* _Directions_
Copy out the full data exactly as given; pictures should not be included.

* _Data section_
"""
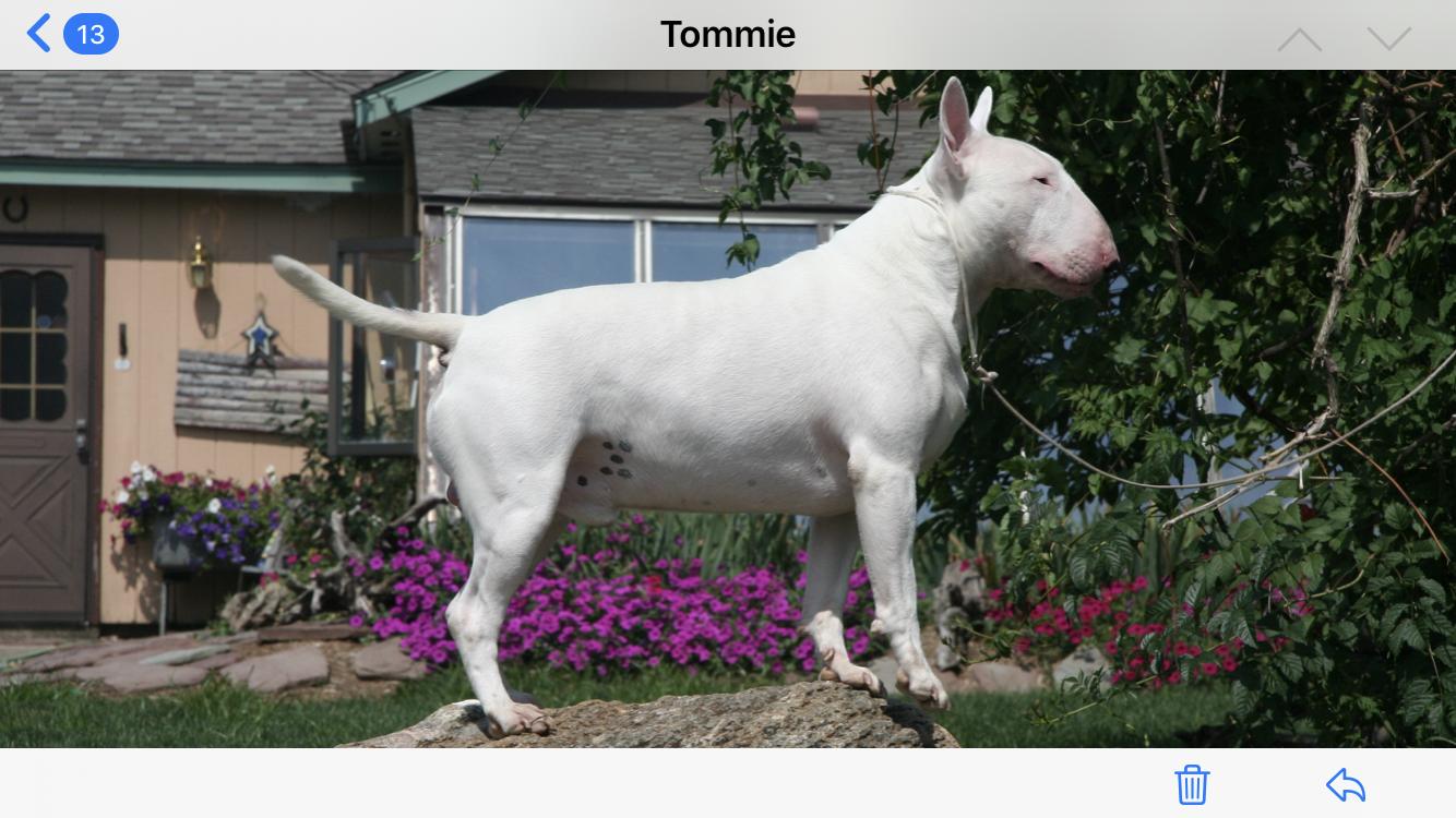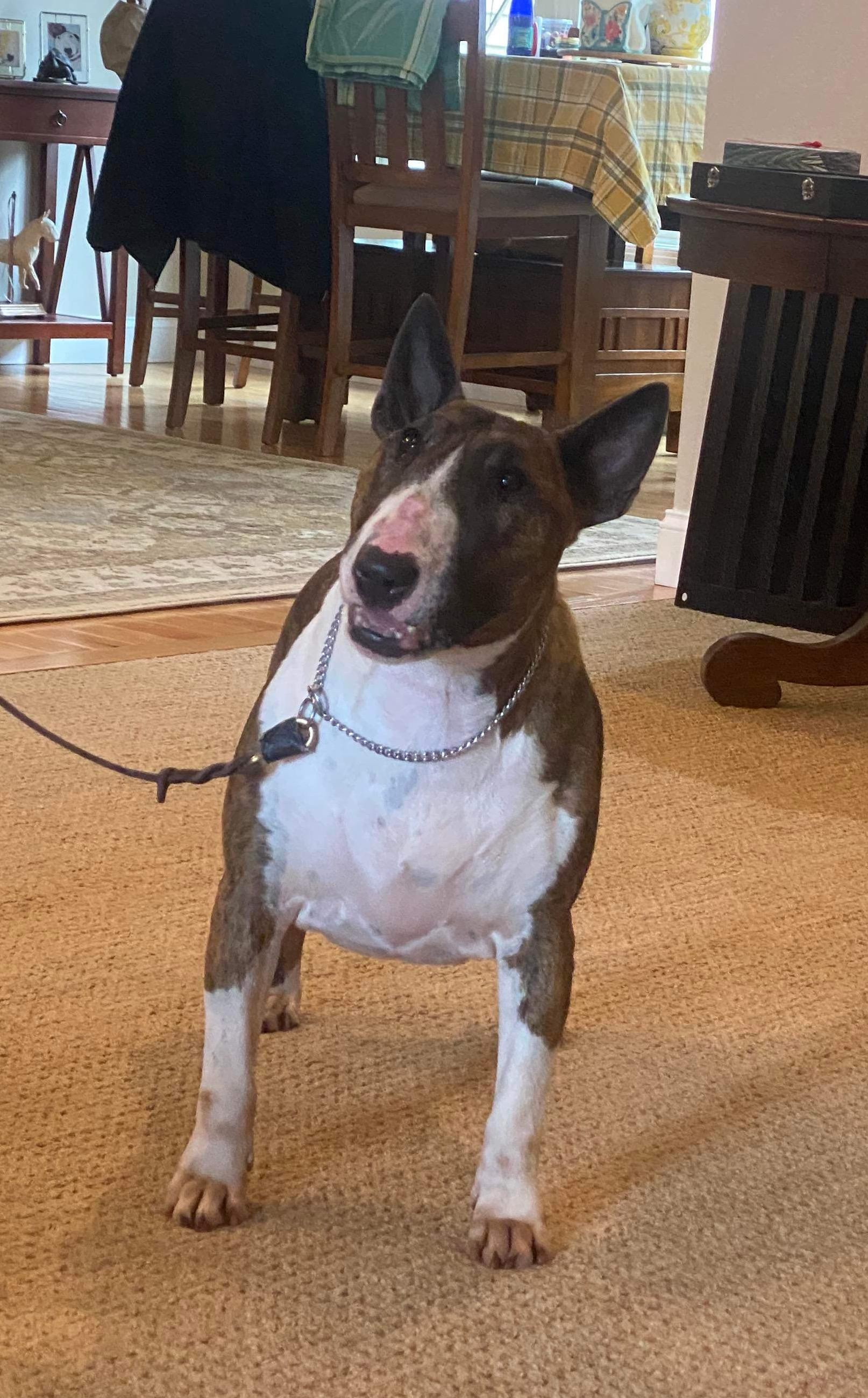 Tommie is a male Bull Terrier. Carefully selected as a great representative of his breed, Melanie decided to make him part of their program. Melanie has passed Good Dog’s screening process, which involved a review of their breeding practices, environment, and the mental and physical health of their dogs.
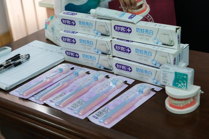 “牙龈总出血,是不是该补点啥?”“戴了十年的假牙最近总磨嘴,能调吗?”讲解刚毕,老人们便迫不及待地举手。队员们俯身倾听,细致作答:“牙龈出血可能是牙结石在‘捣乱’,也可能与维生素缺乏相关,先做个口腔检查最稳妥。”“假牙如同旧鞋,久了难免不合脚,及时找医生调整,千万别硬扛着疼。”贴心的解答配上分发的图文手册,让每个疑问都有了清晰的答案。
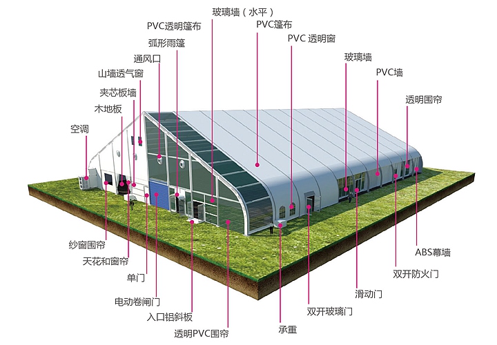 桃形篷房有多種可供選項購的配置,其功能和用途更為強大。例如:ABS墻體、三明治墻體、彩鋼瓦墻體、玻璃幕墻、透明頂、頂幔布幔內飾、排風扇、卷簾門、玻璃門、承重盤承重框、地板系統、排水槽等
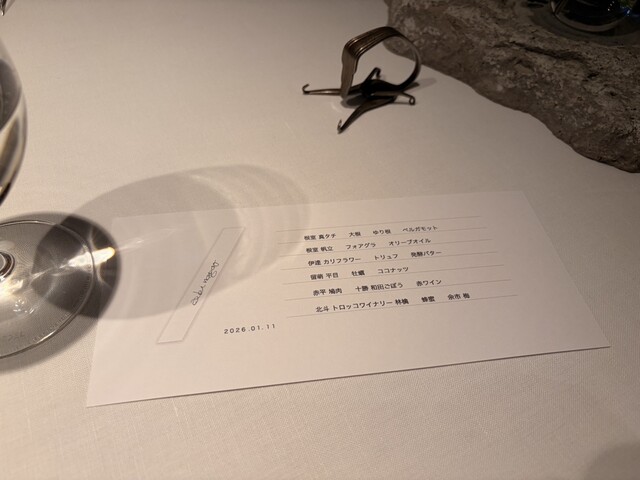 まずコースメニューを見た時に、かなり意図的に設計されたモダン•ガストロノミーを感じました。単なる高級食材の積み上げではなく、産地と香りの方向性が統一されたコースでした。北海道の食材を主役に、甘味・脂・酸・苦味・旨味を配置。そこに「香りのレイヤー」としてベルガモット、トリュフ、発酵バター、ココナッツ、赤ワイン、蜂蜜などを重ねる設計となり、その香りレイヤーが全体を一つにまとめる役割を担っていました。
"""
* _Solution for this task_
 Tommie is a male Bull Terrier. Carefully selected as a great representative of his breed, Melanie decided to make him part of their program. Melanie has passed Good Dog’s screening process, which involved a review of their breeding practices, environment, and the mental and physical health of their dogs.
 “牙龈总出血,是不是该补点啥?”“戴了十年的假牙最近总磨嘴,能调吗?”讲解刚毕,老人们便迫不及待地举手。队员们俯身倾听,细致作答:“牙龈出血可能是牙结石在‘捣乱’,也可能与维生素缺乏相关,先做个口腔检查最稳妥。”“假牙如同旧鞋,久了难免不合脚,及时找医生调整,千万别硬扛着疼。”贴心的解答配上分发的图文手册,让每个疑问都有了清晰的答案。
 桃形篷房有多種可供選項購的配置,其功能和用途更為強大。例如:ABS墻體、三明治墻體、彩鋼瓦墻體、玻璃幕墻、透明頂、頂幔布幔內飾、排風扇、卷簾門、玻璃門、承重盤承重框、地板系統、排水槽等
 まずコースメニューを見た時に、かなり意図的に設計されたモダン•ガストロノミーを感じました。単なる高級食材の積み上げではなく、産地と香りの方向性が統一されたコースでした。北海道の食材を主役に、甘味・脂・酸・苦味・旨味を配置。そこに「香りのレイヤー」としてベルガモット、トリュフ、発酵バター、ココナッツ、赤ワイン、蜂蜜などを重ねる設計となり、その香りレイヤーが全体を一つにまとめる役割を担っていました。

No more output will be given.